# Vase



## CodyC (Jun 3, 2012)

I turned this from a cut-off piece of Boxelder. The main chunk is a rough-turned salad bowl that is drying and this came out of what was left. It's 9 3/4" tall and 3 1/2" at the widest point. Collar and finial are Walnut. Finish is 5 coats of WOP and Beall buffed on all three wheels.

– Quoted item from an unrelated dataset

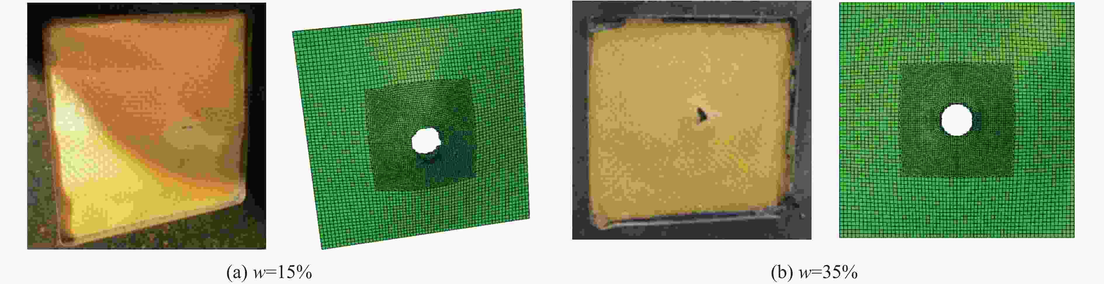 w/% ${\eta _0}/({\rm{Pa}} \cdot{\rm{ s}})$ ${\eta _{\rm{c}}}/({\rm{Pa}} \cdot{\rm{ s}})$ ${\eta _{\rm{max}}}/({\rm{Pa}} \cdot{\rm{ s}})$ ${\dot \gamma _{\rm{c}}}$/s−1 ${\dot \gamma _{\rm{max}}}$/s−1 KⅠ KⅡ KⅢ nⅠ nⅡ nⅢ 15 38.775 0.972 50.624 78.952 238.946 −1 000 −0.001 7 0.003 6 0.46 1.0 1.4 35 1 078.201 14.663 9 540.340 9.603 16.151 −1 000 −0.006 5 0.040 0 0.71 1.1 1.0 表 4 弹道冲击实验中数值模拟的材料参数[26]

[attachment=6334] [attachment=6335] [attachment=6336] [attachment=6337]


----------



## Twig Man (Jun 3, 2012)

Incredible work!! Thanks for sharing


----------



## Mike1950 (Jun 3, 2012)

I love the shape, wood type and execution- did I miss anything.


----------



## NYWoodturner (Jun 3, 2012)

NIce ! Great job on the finial. I like the design of the matched finial and collar 
Scott


----------



## Dennis Ford (Jun 3, 2012)

Lovely piece, the wood selection and shape are perfect.


----------



## Cousinwill (Jun 3, 2012)

Very impressive !!!!


----------



## DKMD (Jun 3, 2012)

Nicely done, Cody! You may want to skip the white diamond wheel on darker woods like walnut... I've had a heck of a time getting it out of the pores! Love the spalting on that boxelder!


----------



## myingling (Jun 3, 2012)

Nice work


----------